What is required: In the entries below, begin at the line that has "The 'War' and" and stop after the line that has "Hagia Sophia – Istanbul, Turkey – Photo"; output those lines exactly, leaving out pictures.

Extracted records:
▬▬▬

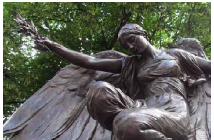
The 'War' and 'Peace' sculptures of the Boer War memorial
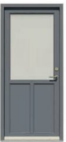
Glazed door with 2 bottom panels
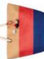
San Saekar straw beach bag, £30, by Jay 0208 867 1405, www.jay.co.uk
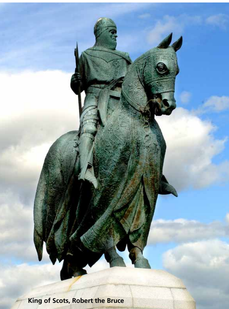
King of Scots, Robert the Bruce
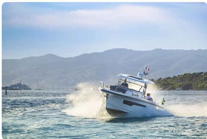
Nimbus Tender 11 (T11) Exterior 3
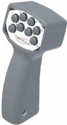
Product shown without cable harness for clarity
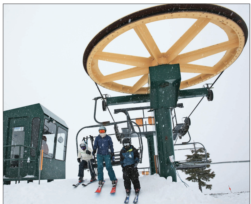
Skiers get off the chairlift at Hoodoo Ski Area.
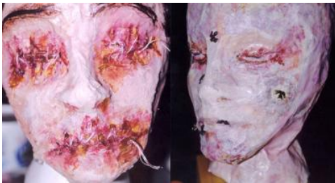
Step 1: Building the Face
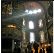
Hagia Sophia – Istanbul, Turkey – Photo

▬▬▬

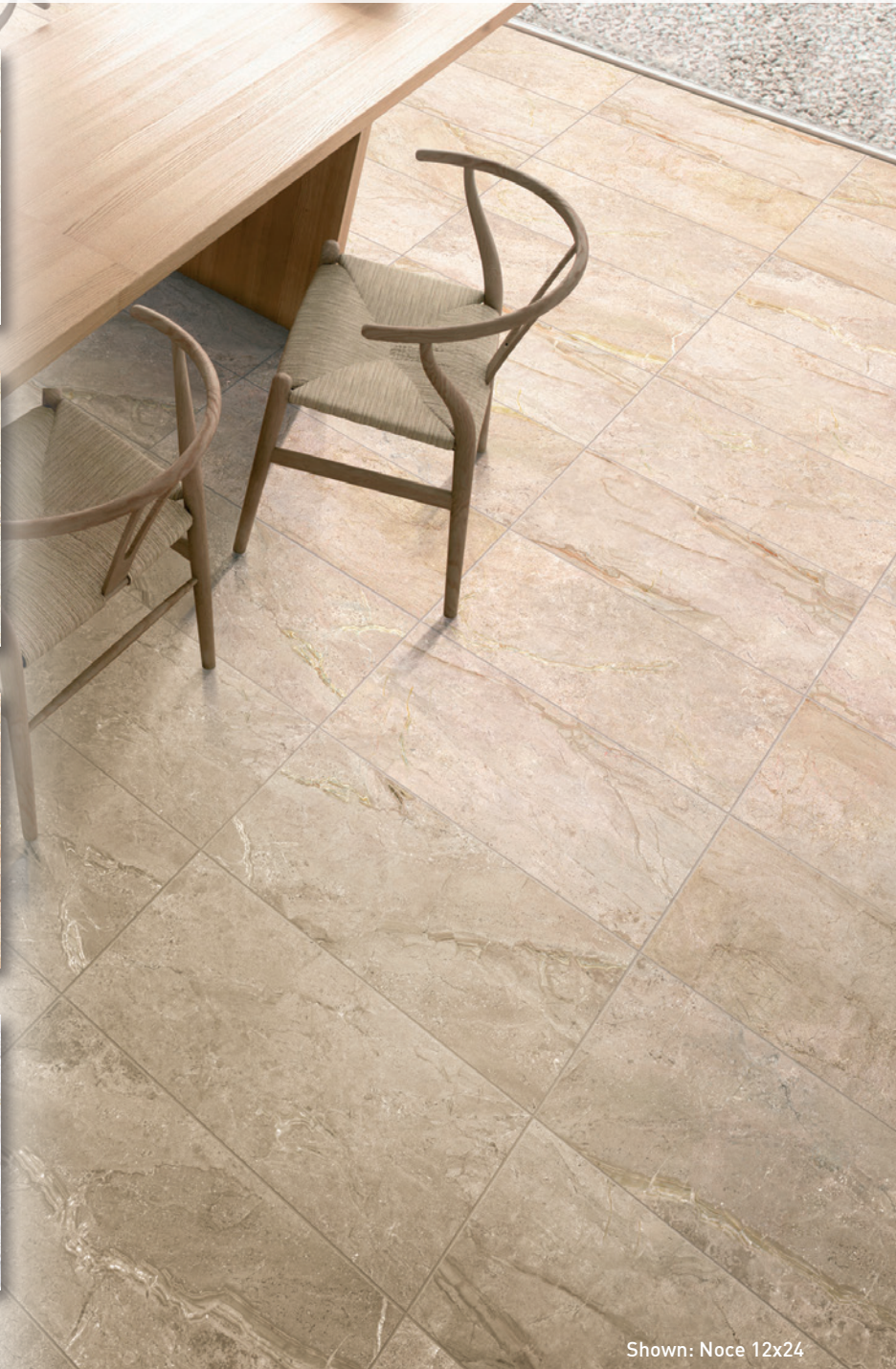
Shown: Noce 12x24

▬▬▬

Result:
The 'War' and 'Peace' sculptures of the Boer War memorial
Glazed door with 2 bottom panels
San Saekar straw beach bag, £30, by Jay 0208 867 1405, www.jay.co.uk
King of Scots, Robert the Bruce
Nimbus Tender 11 (T11) Exterior 3
Product shown without cable harness for clarity
Skiers get off the chairlift at Hoodoo Ski Area.
Step 1: Building the Face
Hagia Sophia – Istanbul, Turkey – Photo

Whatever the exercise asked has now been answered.